Task requirements
Leaving out every picture, retype the lines below from the top through the one that contains "Pengadilan Tinggi Agama Pontianak melaksanakan".

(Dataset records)

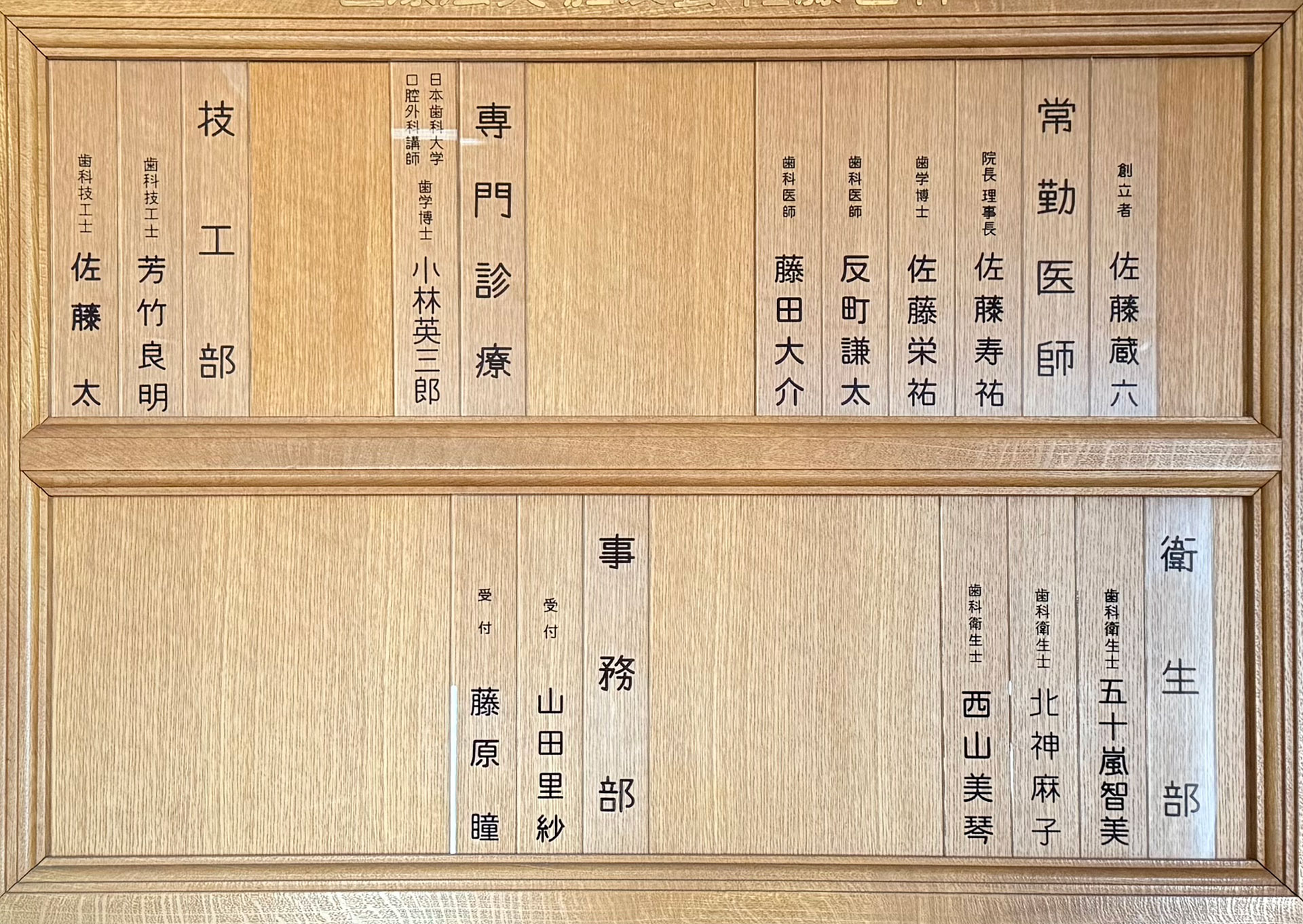 スタッフ紹介 院長 佐藤 寿祐 腔友会会長 佐藤 栄祐 自慢のスタッフ紹介 地域密着型の親しみのある歯科医として、三条のまちなかで皆様が健康な歯で、いつもの食生活が送れるように、手助けさせていただいています。これからも地域の皆様に信頼され、足を運んでいただけるように、最新の歯科情報と確かな技術で皆様の歯をサポートさせていただきます
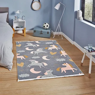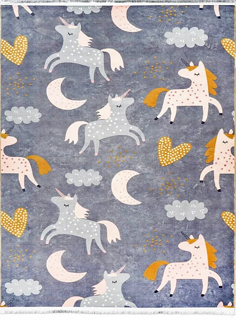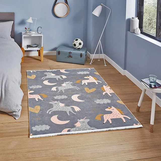 فرش محتشم اتاق کودک طرح اسب تک شاخ کد 101279 زمینه طوسی (غیربرجسته)
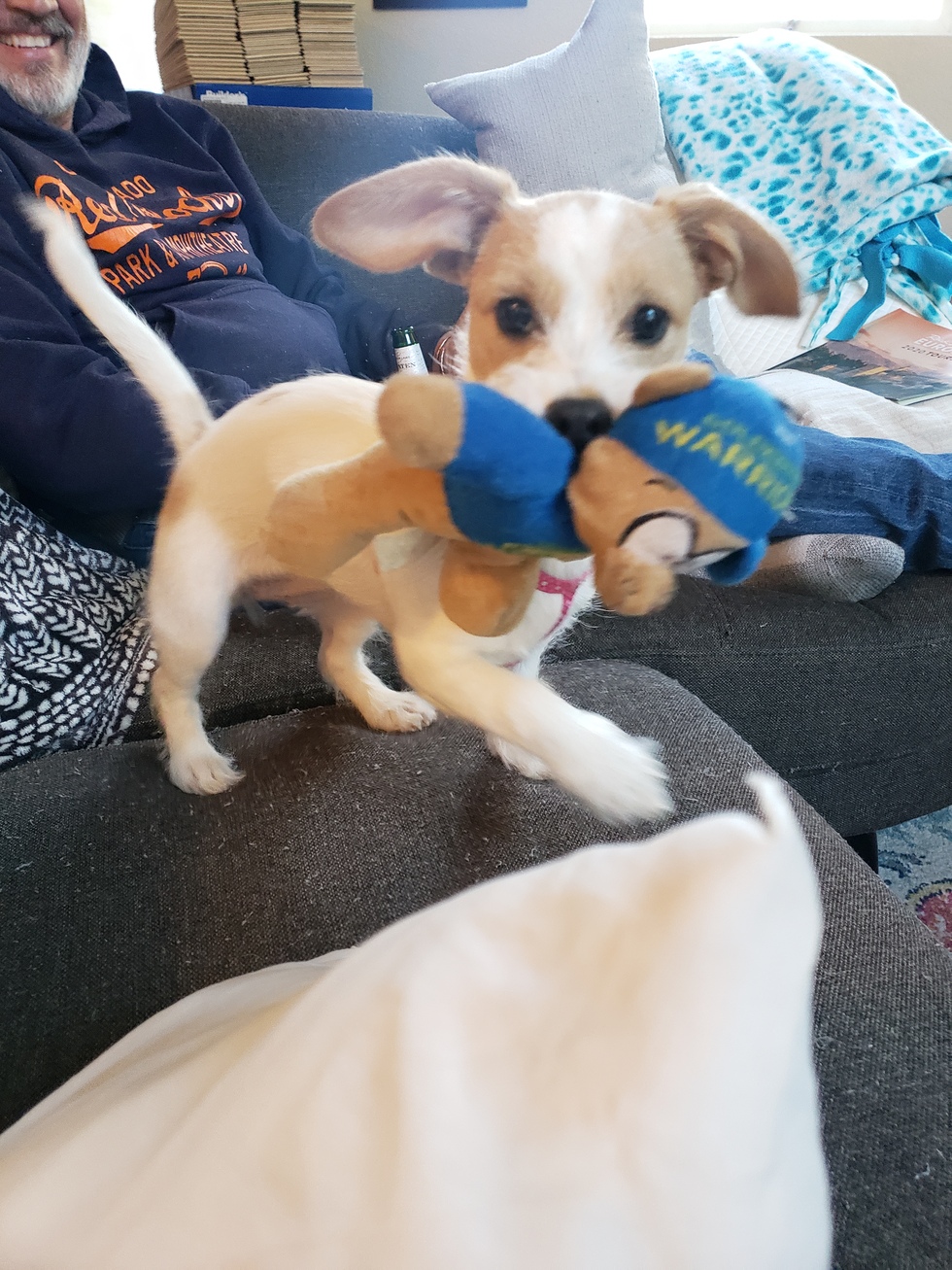She's a puppy through and through. She is learning to be ok with our cat, Luna, and most of all, loves her Golden State Warriors bear! βΊ She carries it around with her and sleeps with it too.
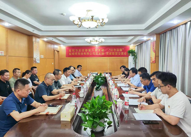 8月22日下午,鹽城招商場(chǎng)黨總支和市發(fā)改委機(jī)關(guān)第六黨支部開展了“紅色溫馨”結(jié)對(duì)共建活動(dòng)。市發(fā)改委機(jī)關(guān)黨委二級(jí)主任科員張錦鋒,市發(fā)改委基礎(chǔ)設(shè)施發(fā)展處負(fù)責(zé)人、機(jī)關(guān)六支部黨員代表,鹽城招商場(chǎng)黨員代表參加活動(dòng)。
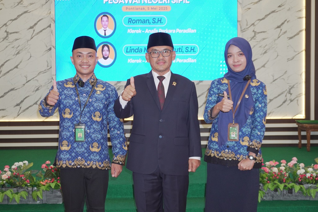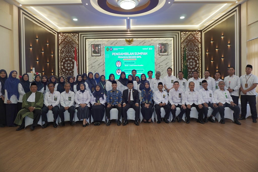 Pengadilan Tinggi Agama Pontianak melaksanakan prosesi pengambilan sumpah Pegawai Negeri Sipil (PNS) atas nama dua aparatur: Roman, S.H. dan Linda Novita Astuti, S.H. Kegiatan yang berlangsung di Aula PTA Pontianak ini dipimpin langsung oleh Wakil Ketua Pengadilan Tinggi Agama Pontianak, serta dihadiri oleh para Hakim Tinggi, pejabat struktural, fungsional, dan pegawai di lingkungan PTA Pontianak.
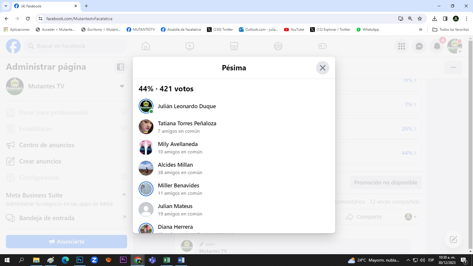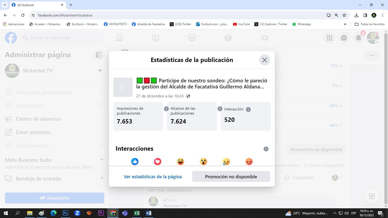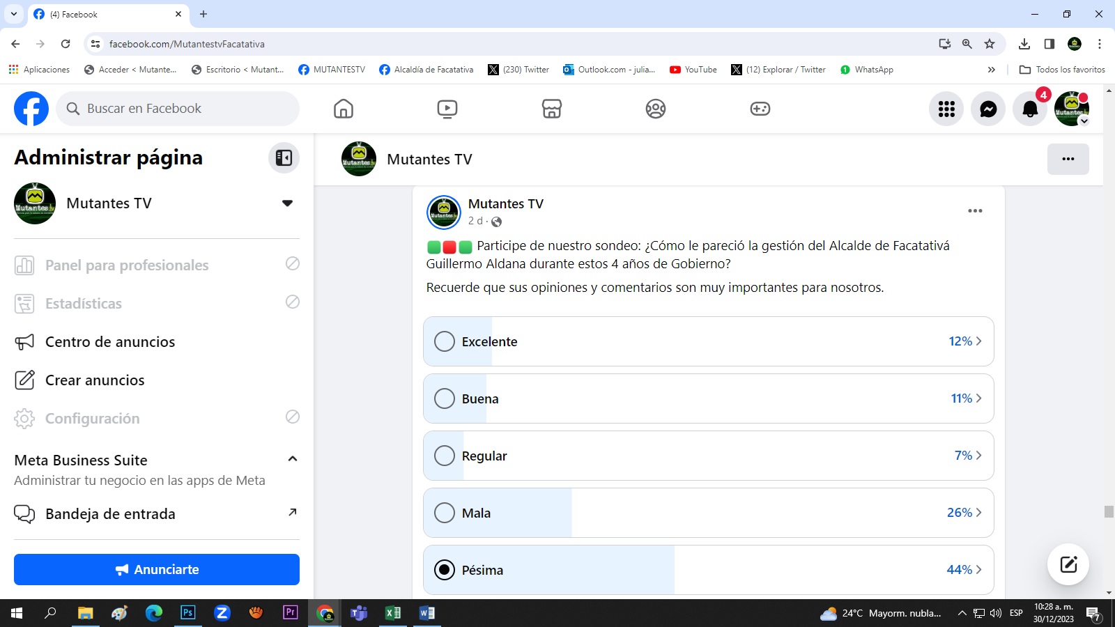El pasado 27 de diciembre nuestro medio de comunicación realizó un sondeo donde se les pregunto a los facatativeños lo siguiente. ¿Cómo le pareció la gestión del Alcalde de Facatativá Guillermo Aldana durante estos 4 años de Gobierno?, las mayores tendencias fueron pésima con un porcentaje del 44%, seguida de mala con un porcentaje del 26 %, regular 7%, buena 11 % y excelente 12 %, el sondeo tuvo un alcance 7.624 personas.
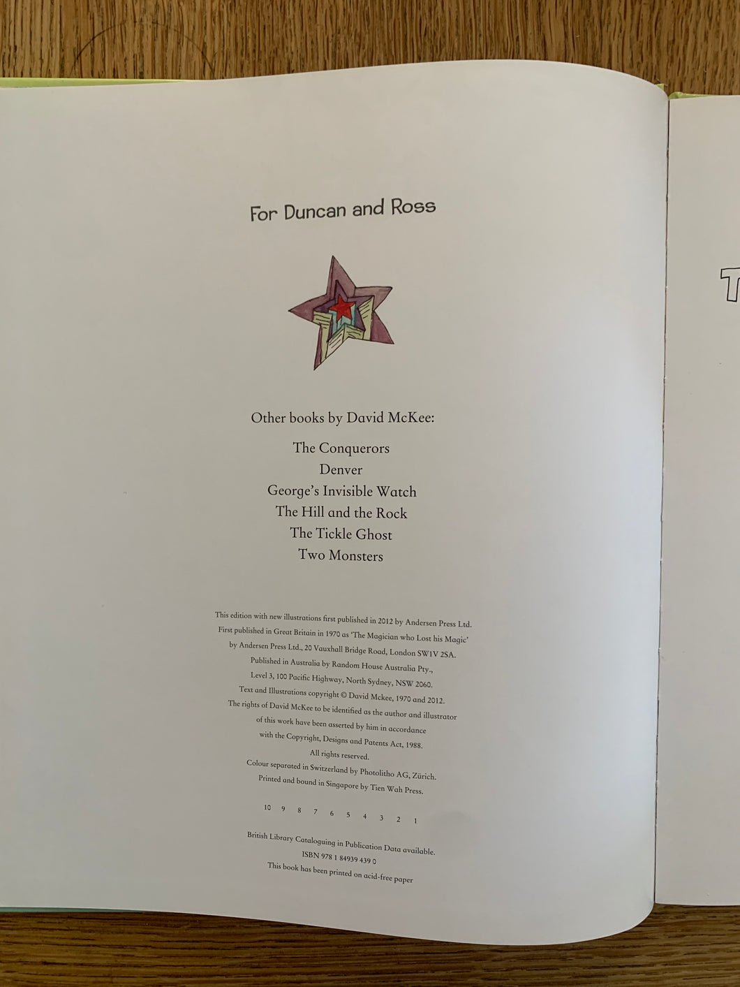‘Melric the Magician Who Lost His Magic' written and illustrated by David McKee. Published by Anderson Press. UK 1st edition thus. 2015. Laminated pictorial boards. No dust wrapper as issued. Originally published in 1970, this new edition features new illustrations.
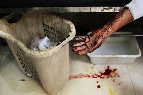 On suggère aux pages 4 et 12 que ces photos ont été prises dans un hôpital militaire (thèse soutenue par Mme Marie-Ève Bédard au bulletin de nouvelle télé à 15 m. 10 sec. du début [9]). C’est là où, dit-on, ces gens auraient été amenés après avoir été torturés jusqu’à la mort. Pourtant, nous voyons tous les corps reposer sur du sable ! Même en Syrie, on peut douter sérieusement que les hôpitaux aient un sol aussi désertique !
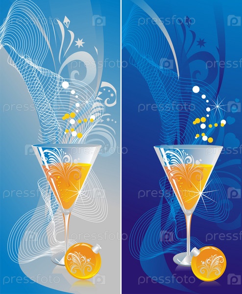Бокалы с шампанским и мандарины на зимнем фоне

Solution for this problem
 スタッフ紹介 院長 佐藤 寿祐 腔友会会長 佐藤 栄祐 自慢のスタッフ紹介 地域密着型の親しみのある歯科医として、三条のまちなかで皆様が健康な歯で、いつもの食生活が送れるように、手助けさせていただいています。これからも地域の皆様に信頼され、足を運んでいただけるように、最新の歯科情報と確かな技術で皆様の歯をサポートさせていただきます
 فرش محتشم اتاق کودک طرح اسب تک شاخ کد 101279 زمینه طوسی (غیربرجسته)
She's a puppy through and through. She is learning to be ok with our cat, Luna, and most of all, loves her Golden State Warriors bear! βΊ She carries it around with her and sleeps with it too.
 8月22日下午,鹽城招商場(chǎng)黨總支和市發(fā)改委機(jī)關(guān)第六黨支部開展了“紅色溫馨”結(jié)對(duì)共建活動(dòng)。市發(fā)改委機(jī)關(guān)黨委二級(jí)主任科員張錦鋒,市發(fā)改委基礎(chǔ)設(shè)施發(fā)展處負(fù)責(zé)人、機(jī)關(guān)六支部黨員代表,鹽城招商場(chǎng)黨員代表參加活動(dòng)。
 Pengadilan Tinggi Agama Pontianak melaksanakan prosesi pengambilan sumpah Pegawai Negeri Sipil (PNS) atas nama dua aparatur: Roman, S.H. dan Linda Novita Astuti, S.H. Kegiatan yang berlangsung di Aula PTA Pontianak ini dipimpin langsung oleh Wakil Ketua Pengadilan Tinggi Agama Pontianak, serta dihadiri oleh para Hakim Tinggi, pejabat struktural, fungsional, dan pegawai di lingkungan PTA Pontianak.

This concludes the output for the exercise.